The Meaning of Price IV

By M. Northrup Buechner

Another in a series of essays elaborating *Objective Economics: How Ayn Rand’s Philosophy Changes Everything about Economics* by the author.

The doctrine of relative prices is both true and important. However, the use that economists and statisticians make of this doctrine turns on an invalid distinction—between the nominal price and the real price. Let us look at how this distinction is used.

The nominal price is the price in money, as we find it in stores and shops, a price such as $1.60 for a can of tomatoes. Nominal means in money terms, in the actual economy. Economists often call the nominal price, the absolute price. So far, this is valid.

The *real price*, on the other hand, is held to be the *relative price.* The real price is defined as the nominal price adjusted for the changing value of money, that is, adjusted for the general rate of price inflation. For example, suppose the rate of price inflation for the year 2013 is 100 percent (the average price doubles in the year). If the price of a can of tomatoes is $1.60 on January 1, 2013 and is still $1.60 a year later, the real price of the tomatoes has declined by half over the year, because on December 31, $1.60 is worth half of what it was worth on January 1. The *real price* of the can of tomatoes is half of what it was a year ago. But what is that price? How do we adjust $1.60 for the general rate of price inflation to get the relative price? The answer is that we don’t.

The meaning of “real price” is not about individual concrete prices, such as $1.60 for a can of tomatoes. The meaning of the real price (and the relative price) is limited to the statistics of price indices. Statisticians calculate an index for the general price level by averaging changes in the prices of thousands of different consumer goods and services over some time period. Percentage increases (or decreases) in this index, the consumer price index (CPI), are where we get the estimated rate of price inflation, regularly reported by the news media.
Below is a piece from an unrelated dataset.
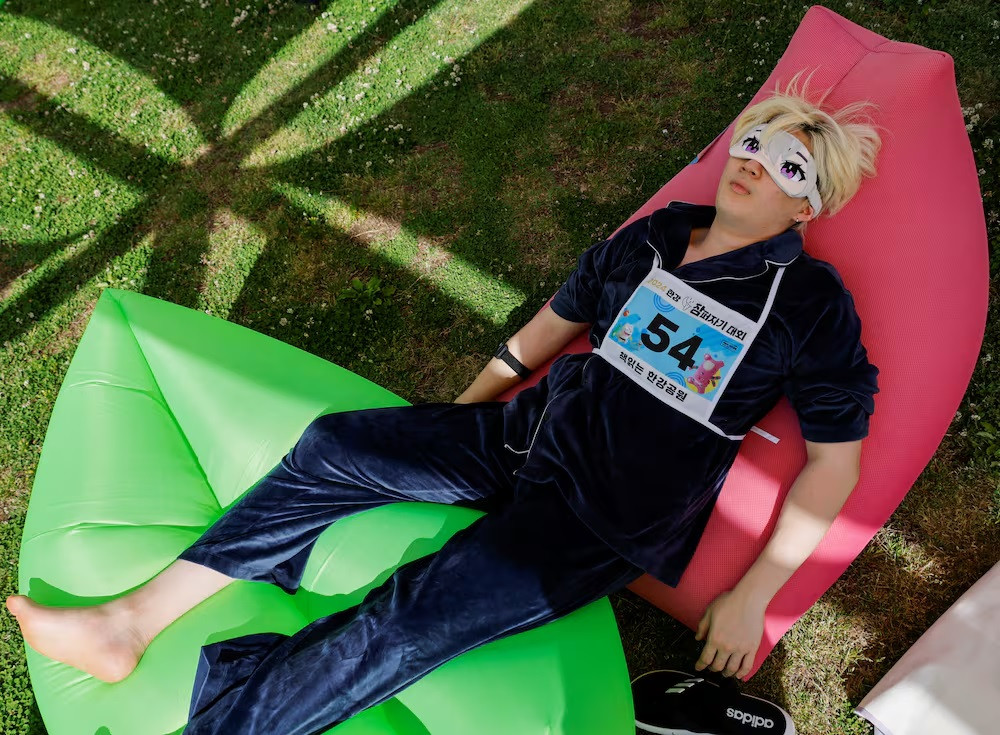 Son Ji-hong, 24 tuổi, tham gia cuộc thi với chiếc gối kê cổ và kính râm, cho biết: “Hàng ngày chúng tôi phải đối mặt với sự cạnh tranh và tầm quan trọng của giấc ngủ dường như bị đánh giá thấp”.
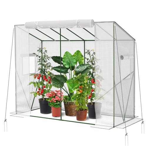 Velway Tomaten Gewächshaus Foliengewächshaus Stabil – 208x81x170/141cm Winterfest Tomatenhaus Schrägdach Garten Treibhaus mit PE Gitterfolie, Belüftungsfenster, Erdanker und Winddichten Seile – Weiß

The same method is used to calculate price indices for narrower categories of goods and services such as a medical care, college tuition, and gasoline. Then the narrow indices are compared to the general price index. If the general price index (CPI) has risen more than the index for, let us say, gasoline, then economists say that the real price (the relative price) of gasoline has fallen. If the index for gasoline has risen more than the CPI, then we say that the real price (the relative price) of gasoline has risen.

In principle, these statistical calculations are valid. (In practice, there are some dubious procedures.) They are the only way to answer the question of which prices *really* have risen over a period of time such as a year or a decade—where “really” means relative to prices in general. Certainly, calculations of this kind contributed to the end of price controls on gasoline in 1979. But this statistical context is the only context in which such calculations are valid. It is also the only context in which the distinction between nominal and real prices is valid.

Look at what the statisticians are saying to people: “the real price is not the nominal price you pay in a store. Instead, the real price is the nominal price you pay adjusted for the rate of price inflation.” But nobody ever pays a nominal price adjusted for the rate of price inflation, because that would not be a nominal price. No buyer, businessman or consumer, ever pays anything but nominal, unadjusted prices, such as $1.60 for a can of tomatoes.

People do not choose what to buy and what not to buy by reference to price indices. But then, what is the relevance of relative prices for human choices based on price? What is the real price?

The essence of the answer is this: All prices are relative prices. An increase in any price is an increase in a relative price. A decrease in any price is a decrease in a relative price. At the same time, all the prices we encounter in the economy are real prices and nominal prices and absolute prices. Most important, and the key to integrating these four concepts of price, all prices are objective prices, where the meaning of “objective” is the meaning defined by Ayn Rand.